A second approach is to improve batteries, and there has been much work on this front with relatively little to show for it. The lithium ion battery remains the workhorse, and efforts to improve that technology win headlines but little else. There even has been work on nuclear isotopes, notably at the University of Missouri, which has developed the prototype of a battery based on Strontium 90. The isotope has a half life of 29.1 years and emits beta radiation, according to the U.S. Environmental Protection Agency.
But while the power budget may be architected at the system level, a third approach is to have many of the blocks within a design energy self-sufficient. This builds on the current approach by IP vendors to focus at the block level, where the most improvements can be made in efficiency and compatibility.
“The key is to provide different functional blocks, like LEGOs, and provide chipmakers the capability to tune what they need and add custom instructions,” said Larry Przywara, product line group director for audio/voice at Cadence. “No one size will fit all architectures.”
In conjunction with that approach, Synopsys’ Kawa said modules can be created with sensors and energy scavenging circuits that are self-sustaining. “Most sensors should be autonomous,” he said.
Business models to pay for all of this technology
One of the more interesting questions behind this market isn’t about technology, though. It’s about business models. A full-fledged strap-on electronic device with sophisticated SoC engineering, possibly at the latest technology nodes, with built-in communications technology and custom software, isn’t going to be cheap. So is there a way to subsidize that cost for consumers? The answer is yes, but it likely will come in multiple ways.
First, there is the software marketplace and the ability to download apps through whatever connection ultimately is used, whether it’s by smartphone as the controller or directly into the device.
“These devices can be revenue generators,” said Andrew Caples, senior product manager for the Nucleus product line at Mentor Graphics. “Devices can be connected to an app store to upload or download. It’s also a great way to provision and update a wearable device. But that also requires you to do things like partition memory so you can start, stop and reload, and to update firmware and software. That’s where the value proposition is from a software perspective.”
A different possibility is in the health-care realm, where insurance companies might offer devices that can track habits of their customers.
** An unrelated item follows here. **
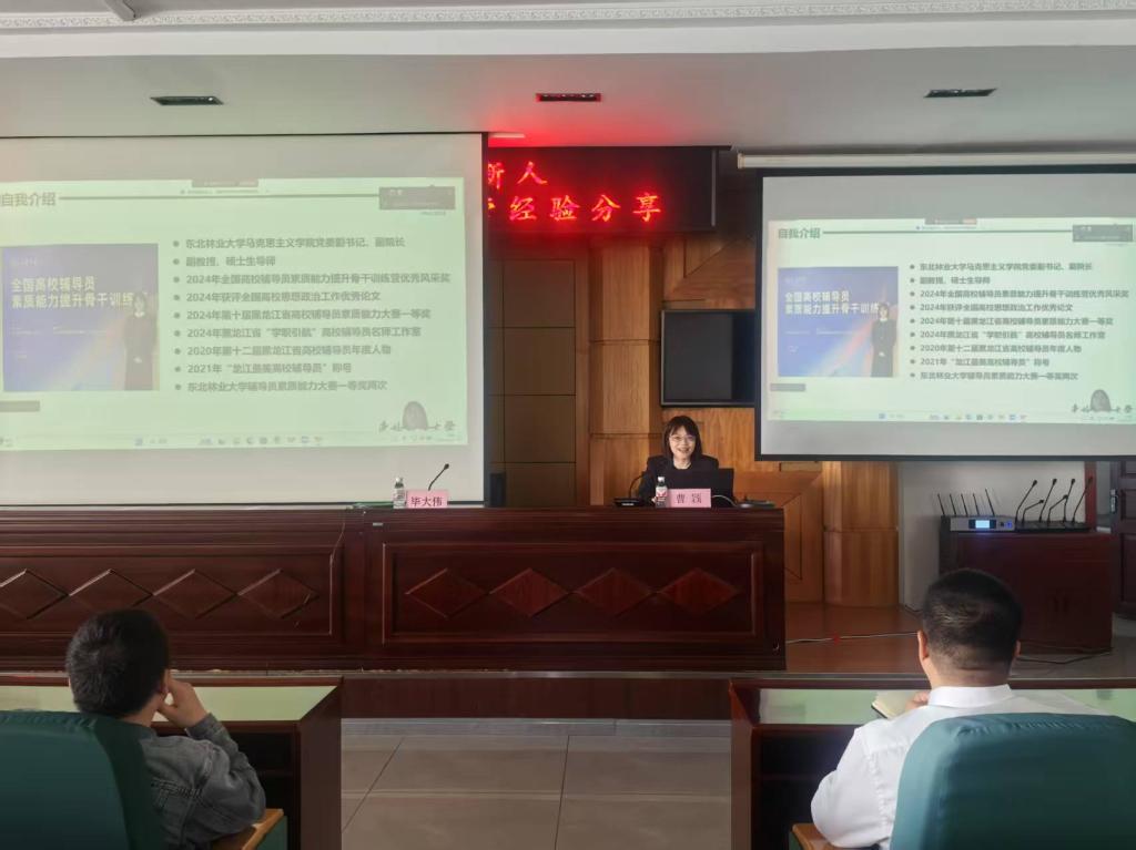 5 月 15 日上午,东北林业大学马克思主义学院党委副书记、副院长曹颖教授,为永利官网辅导员带来题为《以赛促学强本领,以行践知育新人 —— 全国高校辅导员素质能力提升训练营经验分享》的讲座。学生工作部部长毕大伟、学生工作部党总支书记石倩、各二级学院党总支副书记、学管办主任,及全体辅导员、公寓辅导员参加此次培训。

Numerous sources talked about this concept, but none wanted to be quoted for this story. As with connected cars that reward drivers in real time for staying within the speed limit, imagine a device that can reward you for your restaurant choices or the number of steps you take within a given day—and that penalize you for being a couch potato.
As one executive described it, “This is the crossover point for someone watching everything you do.”
I agree with most everything in this article, but what seems to be missing from most every smartwatch design (iOS and Android) is long term functionality simply as a watch. I want a watch first and smart functions second. If I fail to charge my device I don’t want to be left with an inert bracelet on my wrist after 24 hours away from a charger. They should have either dual displays and power sources, or an old-school, low power LCD like on a $30 Timex just for the time/date that can operate for years on a replaceable button cell battery.